In most real world applications, we have a RESTful API service facing various client applications and a collection of backend services which process the data coming from those clients. Depending on the application, the architecture might have various services spread across multiple clusters of servers, and some form of queue or messaging service gluing them together. Today, we’re going to talk about one such messaging service – Apache Kafka – and how it can improve the performance of your services.
We’re going to assume that we have at least two microservices, one for the APIs that are exposed to the world, and one which processes the requests coming in from the API microservice, but in an async fashion. Because this is async in nature, this might not be suitable for the kind of applications where the clients will be waiting for some data to be returned from the API.
Let’s suppose a situation where the clients send some data via the APIs to your servers. You need to process this data and store it in a database, let’s say, for some sort of analytical calculation. In such a situation, the clients will not be waiting for any kind of response from the server, just an acknowledgement that the server has received the data.
In such cases, we’ll have our API gateway take the data coming from the clients, put in into our Kafka topics, and then send a response to the clients saying that the data is received. This way, the clients will not be waiting for a long time for the ack. Because we’re not processing the data in the API microservice, we can quickly send back a response to the clients.
The other microservice we have, let’s call it the data processing microservice, will read messages coming in from Kafka, and process each message, one after another.
Apache Kafka is designed in such a way that we can have multiple instances of our data processing microservice reading form the same topic. The way we achieve this is by having multiple “partitions” in our Kafka topic. This way, consumers from the same group can read from the same Kafka topic (from different partitions) and be assured that they’ll never read the same message. In other words, Kafka assures that the same message will not be sent to more than one partition, unless we receive a duplicate message in the topic.

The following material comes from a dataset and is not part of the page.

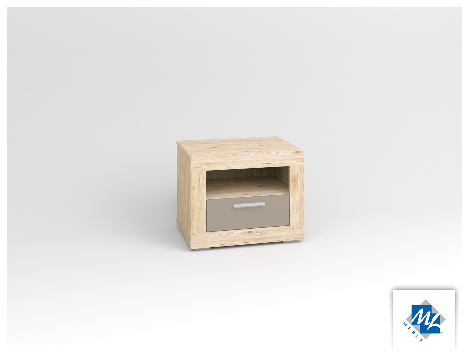 Praktický nočný stolík so zásuvkou a otvoreným odkladacím priestorom.

As you can see from the block diagram above, we have two instances of the same data processing microservice, which read from two different partitions of the same Kafka topic. The API microservice can specify which partition a message has to go to, if required. If not, the producer in the microservice can just produce the message to the topic, and Kafka will figure out which partition the message has to go to.
During the processing of the messages, both the instances of the data processing microservice can talk to the same instance of a database, or a storage service such as Amazon S3 or Google Drive, or any other service inside or outside the cluster.
Once the processing is complete, the microservice could either manually commit the offset or make it automatic.
Committing Kafka offset manually vs. automatically
Letting Kafka handle the committing of offsets seems to be easy and pretty straight forward. But in some cases, you might not want Kafka to commit your offsets manually. For example, suppose the connection to your database if down, and you’re not able to process a message received from Kafka. In such cases, if you commit the offset, you lose that message forever, unless you know the commit ID and go back in time and start consuming messages from that commit ID.
Instead of going through all that pain, it’s easier to just commit the offset manually after processing each message. This way, you can wait until your database connection is back online, process the message, commit the offset, and then continue with the next message.
We have found this approach to be a lot easier to handle in our applications. Then again, this completely depends on the kind of project you’re working on, and how important each message is for you.
That’s pretty much how you can decouple your APIs from your business logic and improve the performance, using Apache Kafka. This is the very basic and the very first step you take in introducing Kafka to your architecture. If you think I’ve missed something or went wrong somewhere, please let me know in the comments.